Network Vulnerability Scanners

Vulnerability scanners are automated tools that allow organizations to check if their networks, systems and applications have security weaknesses that could expose them to attacks. Vulnerability scanning is a common practice across enterprise networks and is often mandated by industry standards and government regulations to improve the organization’s security posture.

There are many tools and products in the vulnerability scanning space that cover different types of assets and offer additional features that help companies implement a complete vulnerability management program — the combined processes related to identifying, classifying and mitigating vulnerabilities.

External and internal vulnerability scans

Vulnerability scans can be performed from outside or inside the network or the network segment that’s being evaluated. Organizations can run external scans from outside their network perimeter to determine the exposure to attacks of servers and applications that are accessible directly from the internet. Meanwhile, internal vulnerability scans aim to identify flaws that hackers could exploit to move laterally to different systems and servers if they gain access to the local network.

The ease of gaining access to parts of the internal network depends on how the network is configured and, more importantly, segmented. Because of this, any vulnerability management program should start with a mapping and inventory of an organization’s systems and a classification of their importance based on the access they provide and the data they hold.

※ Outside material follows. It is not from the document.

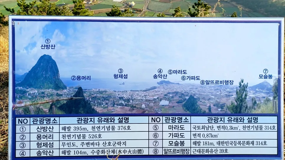 날씨가 받쳐주는 날 정상에 서면 마라도와 가파도가 선명히 보이고 한라산 자태 또렷 보이고도 남으리라.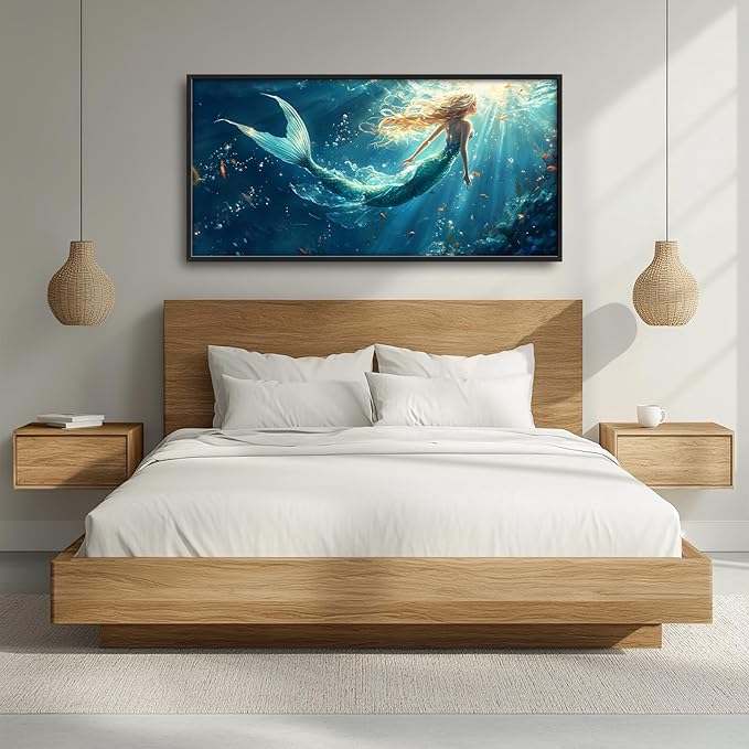 Framed Large Wall Art for Living Room, Beach Mermaid Canvas Wall Decor, Large Ocean Picture Framed Painting, Modern Artwork for Bedroom Office 60L'' × 30W''

With the widespread adoption of cloud-based infrastructure in recent years, vulnerability scanning procedures must be adapted to include cloud-hosted assets as well. External scans are especially important in this context because misconfigured and insecure deployments of databases and other services in the cloud have been a common occurrence.

Authenticated and unauthenticated vulnerability scans

Vulnerability scans can be authenticated and unauthenticated, or credentialed and non-credentialed. The non-credentialed scans discover services that are open on a computer over the network and send packets on their open ports to determine the version of the operating system, the version of the software behind those services, if there are open file shares, and other information that is available without authenticating. Based on those details, the scanner searches a vulnerability database and lists what vulnerabilities are likely to exist on those systems.

Authenticated scans use login credentials to collect more detailed and accurate information about the operating system and the software installed on the scanned machines. Some programs might not be accessible over the network but can still have vulnerabilities that are exposed to other attack vectors such as opening maliciously crafted files or accessing malicious web pages. Some vulnerability assessment solutions use lightweight software agents deployed on computers in addition to network scanners to get a better picture of the security state of various systems in the organization.

Continuous vulnerability management

When performed monthly or quarterly, vulnerability scans only provide a snapshot in time and do not reflect the security posture of the tested systems in between scans. This can lead to significant blindspots and is why the security industry recommends increasing the frequency of vulnerability scanning as part of an approach called continuous vulnerability management.